# 3 Monitore zum zocken



## Kjeldoraner (23. März 2016)

Hallo,

ich möchte mein Spielen umstellen .
Ziel ist Spiele auf 3 Monitoren zu spielen.
Nun hoffe ich bei euch, für einige meiner Überlegungen nützliche Tipps zu bekommen.

Meine Voraussetzungen.
Ich besitze eine GTX970 mit 3 Displayport-Ausgängen.
Ich besitze keinen Monitor, muss mir also 3 neue kaufen.
Mein Budget für die 3 neuen Monitore sollte 650 Euro nicht groß überschreiten.

Um alles einfach zu halten kommen für mich nur Monitore mit mindestens jeweils 1 DP-Eingang in Frage.
Desweiteren reichen mir einfache Full-HD-Monitore (1080p).


Meine Überlegungen.

- Nehm ich 3 gleichgroße Monitore?
- Nehm ich den mitterleren Monitor als 21:9 Monitor?
- Nehm ich Curved Monitore, wenn alle 3 als Curved, nur den Mittleren, oder nur die beiden äußeren?
- Gibt es noch etwas zu bedenken?


Vielleicht bereibt ja jemand bereits einen PC mit 3 Monitoren und kann mir nützliche Tipps geben.

Vielen Dank im Voraus


----------



## LukasGregor (23. März 2016)

Dell UltraSharp U3415W, 34" (210-ADYS) Preisvergleich | Geizhals Deutschland


----------



## ColorMe (23. März 2016)

Mit der 970 willst du also auf 3 Monitoren spielen... Sorry aber das ergibt einfach keinen Sinn. Woher soll die 970 denn die Leistung nehmen (oder spielst du nur ältere Sachen)? Würde dir da stark von abraten und an SLI braucht man mit der 970 sowieso nicht zu denken.


----------



## Kjeldoraner (23. März 2016)

ColorMe schrieb:


> Mit der 970 willst du also auf 3 Monitoren spielen... Sorry aber das ergibt einfach keinen Sinn. Woher soll die 970 denn die Leistung nehmen (oder spielst du nur ältere Sachen)?
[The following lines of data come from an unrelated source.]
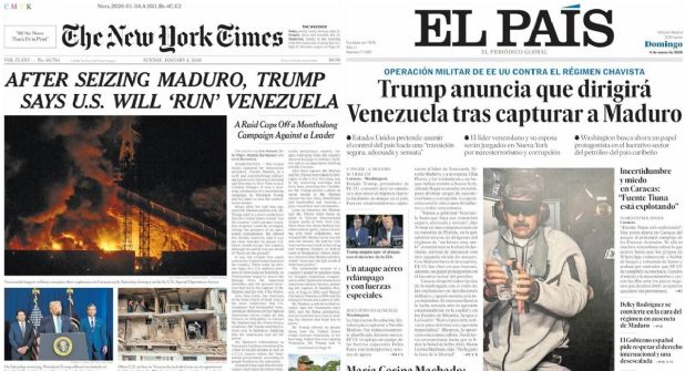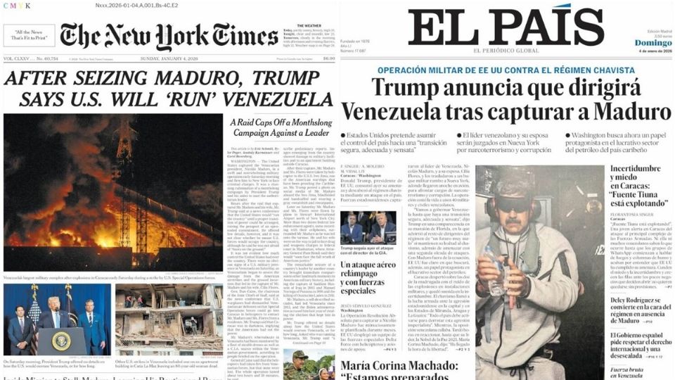 La captura del presidente de Venezuela, Nicolás Maduro, ocupó el espacio principal de las primeras planas internacionales, junto a fotografías donde se muestra al exlíder venezolano siendo trasladado a Estados Unidos, donde ya está recluido en una prisión. Además, se destacan los dichos del presidente de EU, Donald Trump, quien dijo que gobernará el país venezolano y mostró interés por el petróleo de dicho país.
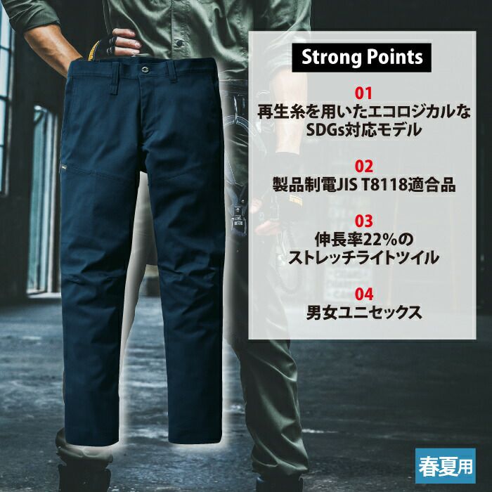 SDGs ユニセックス ストレッチ バートル BURTLE 作業着 作業ズボン 6213 パンツ 3L 作業服 おしゃれ JIS適合制電
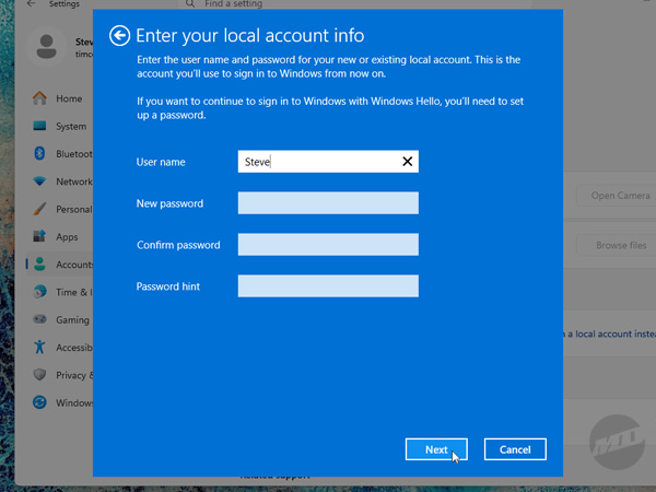 2 Enter a user name and enjoy a local account like it's 1995.
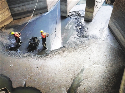 相對(duì)于道路上的管道清淤,泵房?jī)?nèi)的清淤工作要難上許多:工作人員需要下到近10米深、黑暗潮濕的空間中進(jìn)行人工清淤。
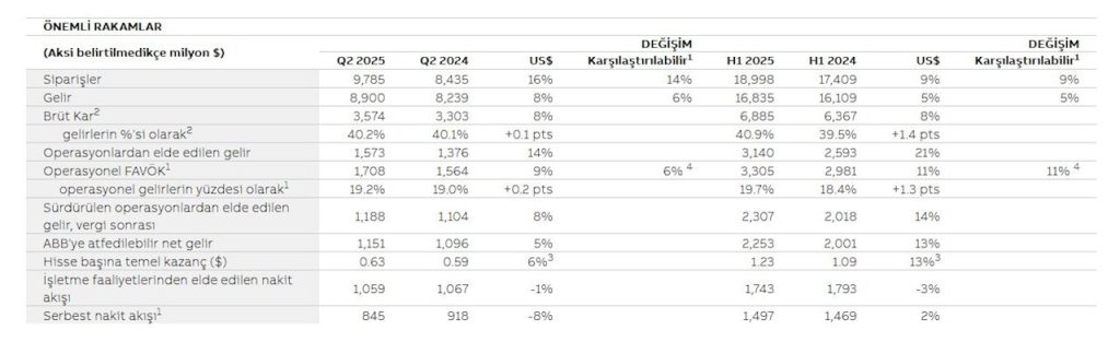 2025 yılının ikinci çeyreğinde elde ettiğimiz sonuçlardan memnunum. Öne çıkan gelişmelerden biri, %16 (karşılaştırılabilir bazda %14) artışla 9,8 milyar dolarlık rekor sipariş alımı oldu. Olumlu gelişmenin dört iş alanının tamamında, müşteri segmentlerinin çoğunda, üç coğrafi bölgenin tamamında ve hem kısa döngülü hem de projeye bağlı işlerde yaygın olarak görülmesi özellikle cesaret vericiydi. Bana göre bu, genel ticaret ortamının sağlamlığını gösteriyor. Sipariş artışı, yaklaşık 600 milyon dolarlık net siparişin kaydedildiği Proses Otomasyonu iş alanında özellikle güçlüydü. Sipariş-satış oranımız 1,10 ile güçlüydü ve özellikle, karşılaştırılabilir sipariş artışını yaklaşık %7 oranında destekleyen belirli büyük siparişler hariç de pozitifti.
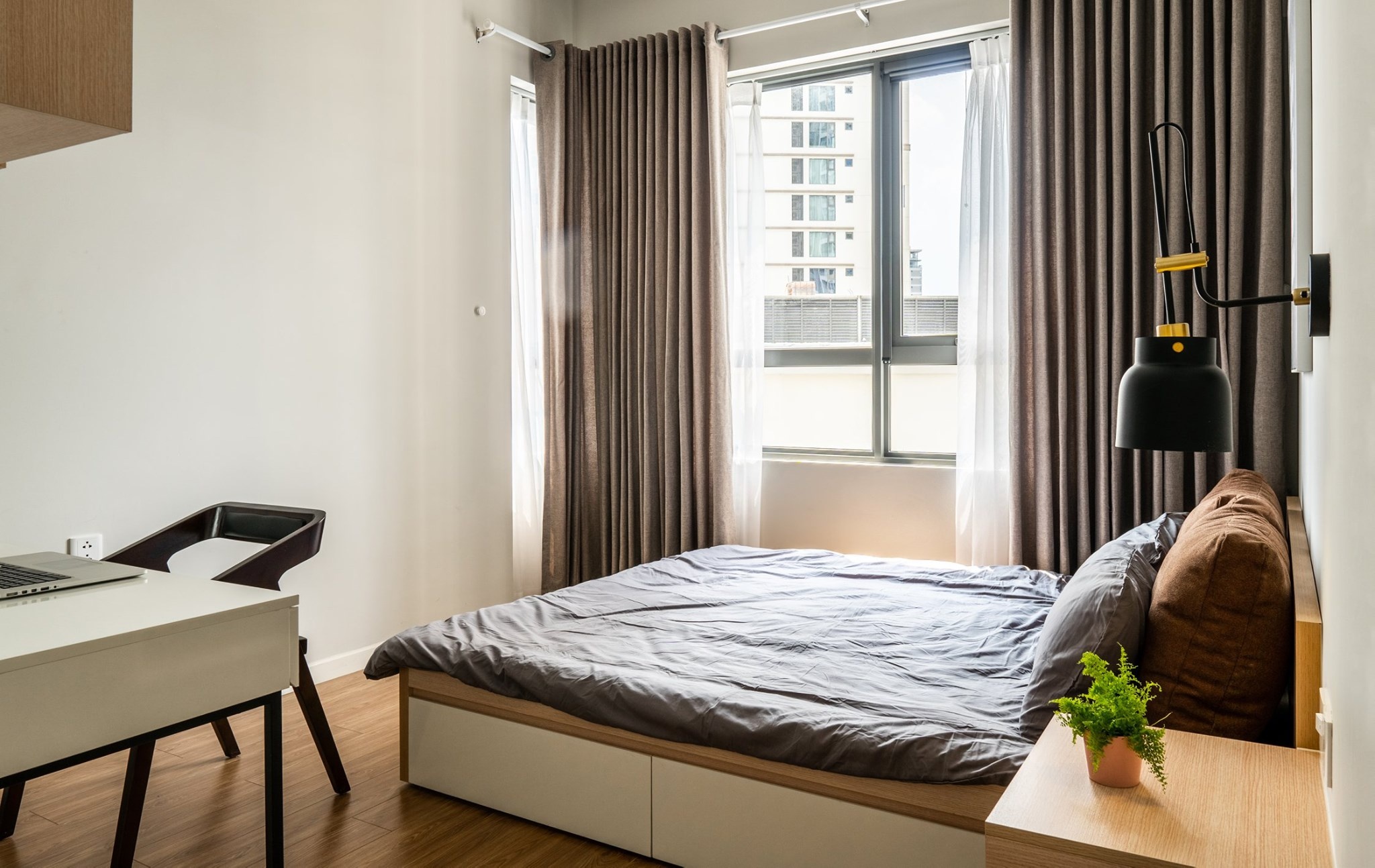 Thông thường, không gian nhỏ phù hợp với phong cách Minimalism hoặc Scandinavian. Những màu trung tính mang lại cảm giác rộng, thoáng nhưng nhàm chán và thiếu chiều sâu. Đây là lúc bạn có thể dùng một vài phụ kiện có màu sắc mạnh nhấn nhá, như gối trang trí hoặc tranh ảnh.
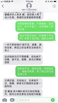 前段时间一位网友在群里说,催收发短信威胁他还钱。
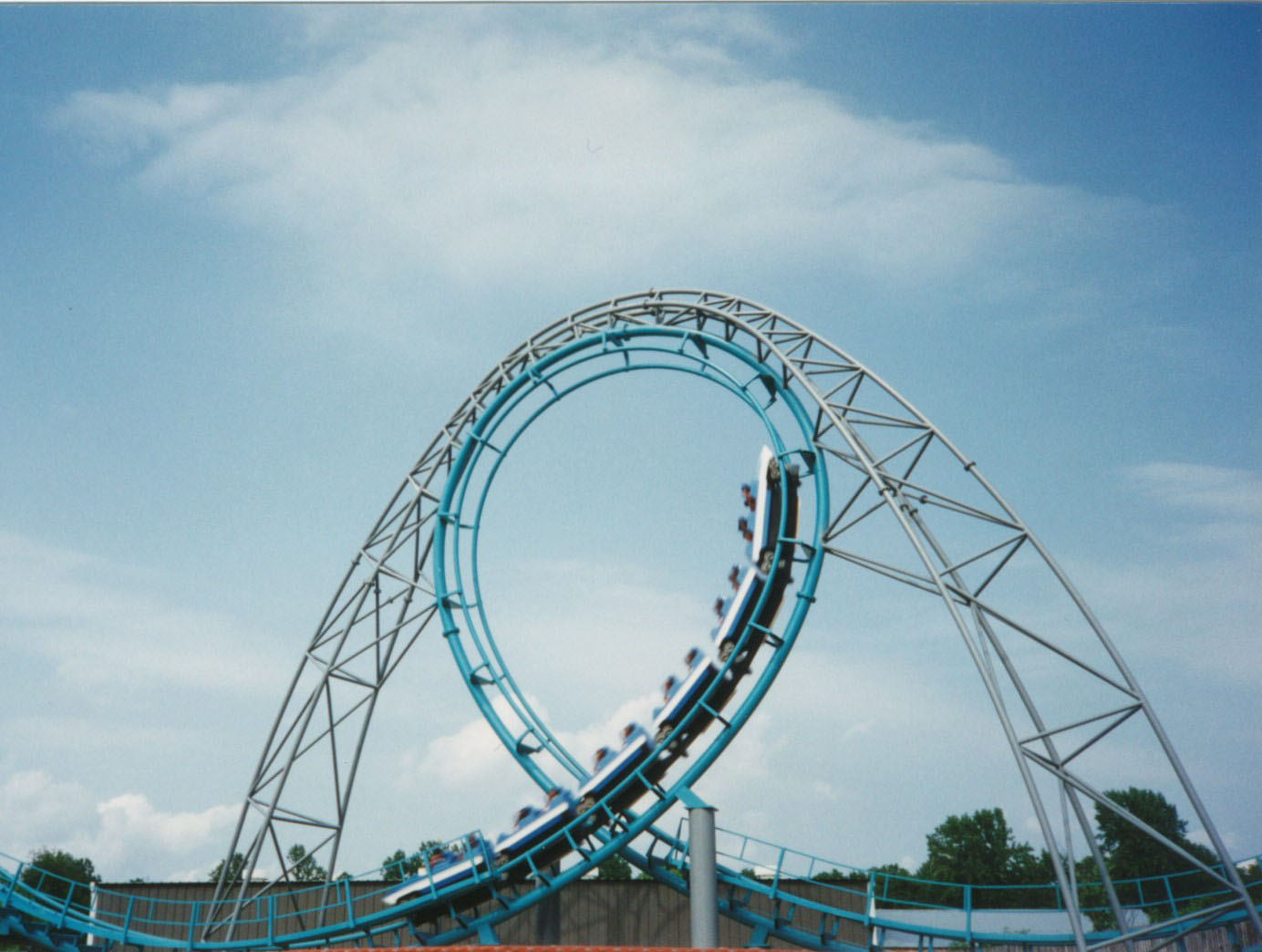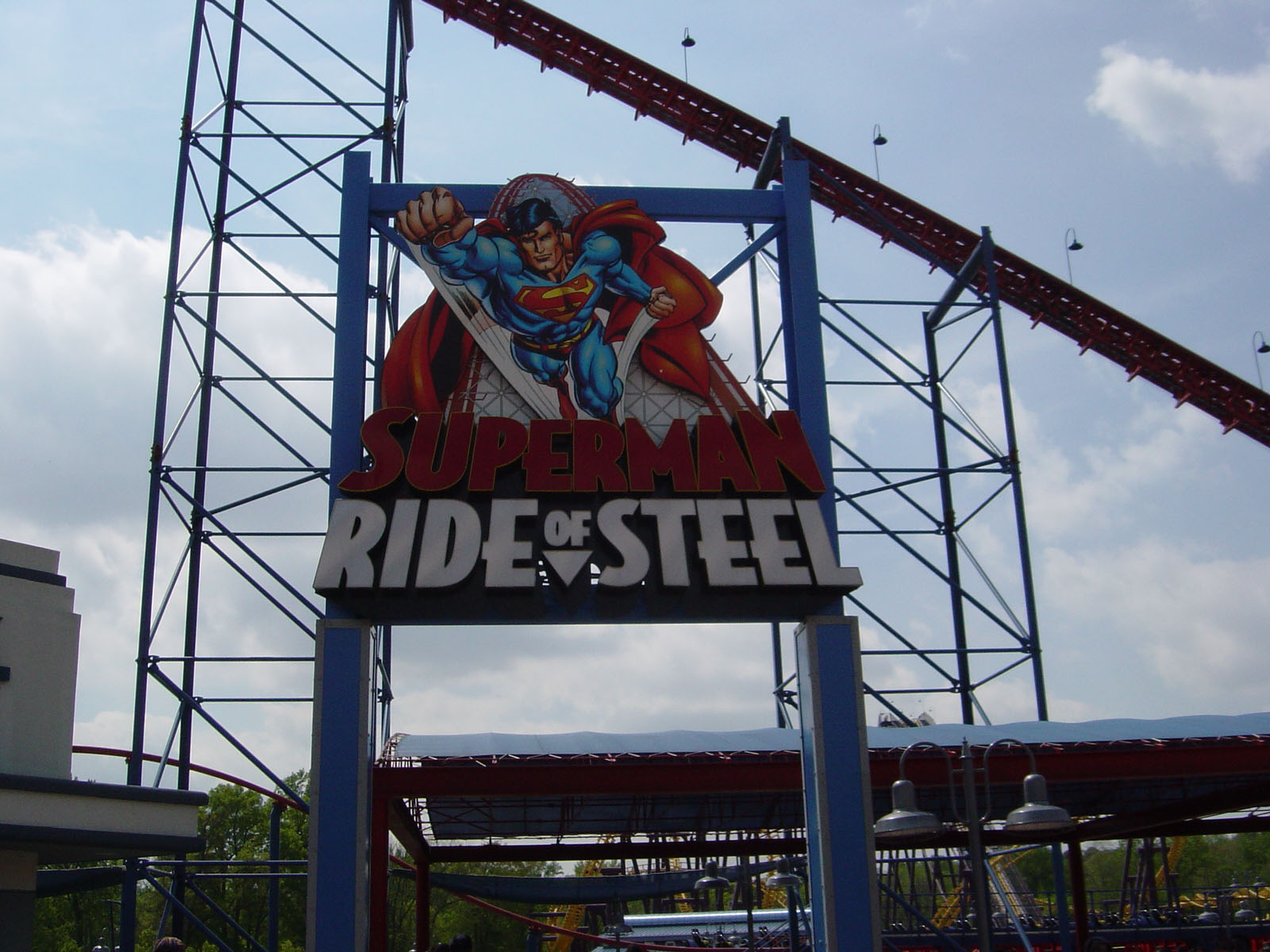 One of the most notable scream machines at the park is Superman: Ride of Steel, which is a mirror image clone of Ride of Steel at Six Flags Darien Lake (Darien Center, New York). The coaster is often talked about online for both its excellent forces and the sections of straight track that may seem odd to a casual observer until you realize that the Darien Lake version has those straight tracks over bodies of water (to simulate Superman flying at high speed over water).
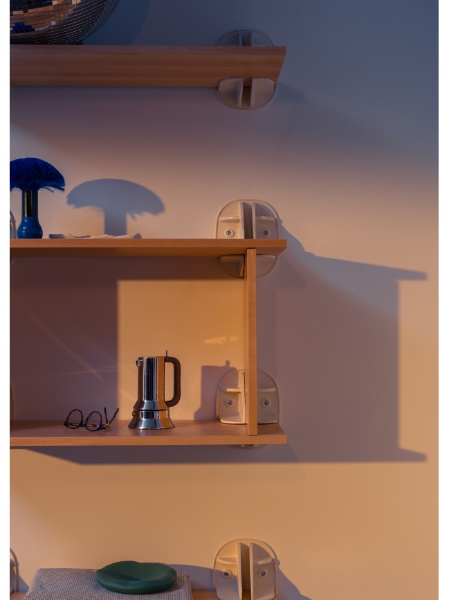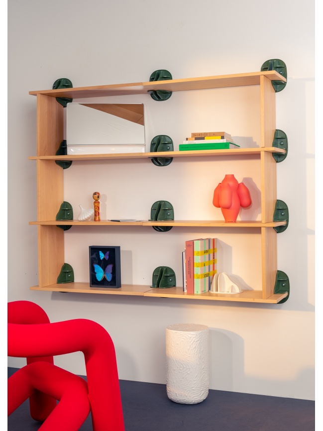 BAGOU could only be seen as an ornamental mask, but the main features of its face make it the basis of an ultra-efficient and functional shelving system.
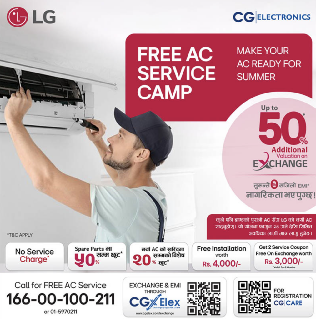 LG Electronics, in partnership with CG Electronics, has launched a nationwide free air conditioner service camp ahead of the summer season in Nepal. The initiative offers free inspection and servicing of LG AC units by trained technicians to ensure efficient cooling, improved energy performance, and longer product lifespan. Customers can also receive up to 50% discount on spare parts, a 20% discount on new AC purchases, and free installation worth Rs 4,000. Exchange offers provide up to 50% extra valuation on old units. Participants will receive service coupons worth Rs 3,000 and can access easy EMI facilities through CGX Elex.

Würde dir da stark von abraten und an SLI braucht man mit der 970 sowieso nicht zu denken.



viele Dank für den Hinweis, so etwas hatte ich mir auch schon gedacht, allerdings bin ich davon ausgegangen, dass ich mit der 970 schon 3 Monitore betreiben kann wenn ich die Auflösung nicht höher als Full HD drehe und die Grafik etwas runter schraube.
CoH2 und WarThunder sind übrigens die neusten Spiele die ich spielen, also schon etwas älter.

Warum kann ich die 970 nicht als/mit SLi betreiben?


----------



## Kjeldoraner (23. März 2016)

LukasGregor schrieb:


> Dell UltraSharp U3415W, 34" (210-ADYS) Preisvergleich | Geizhals Deutschland



Da sprengt ja schon der eine Monitor das Budget von allen drei Monitoren, trotzdem danke


----------



## shootme55 (23. März 2016)

Kjeldoraner schrieb:


> Da sprengt ja schon der eine Monitor das Budget von allen drei Monitoren, trotzdem danke



Ich denke er meinte nur den einen und dafür aufs Triple-Setting pfeifen. Ansonsten ist bei deinem Budget eh nichts anderes drinnen. Ich mein um 700 Euro 3 Curved-Monitore, bzw. 21:9 gibts mal nicht. Also was du machen könntest ist 3 Stk. gerade 16:9 fHD-Paneele, das wäre vom Preis machbar. Ich hab selber die 970 und hab in 4k schon gespielt, also unmöglich ist es nicht, aber alles was ein wenig neuer ist geht dann nicht mehr. 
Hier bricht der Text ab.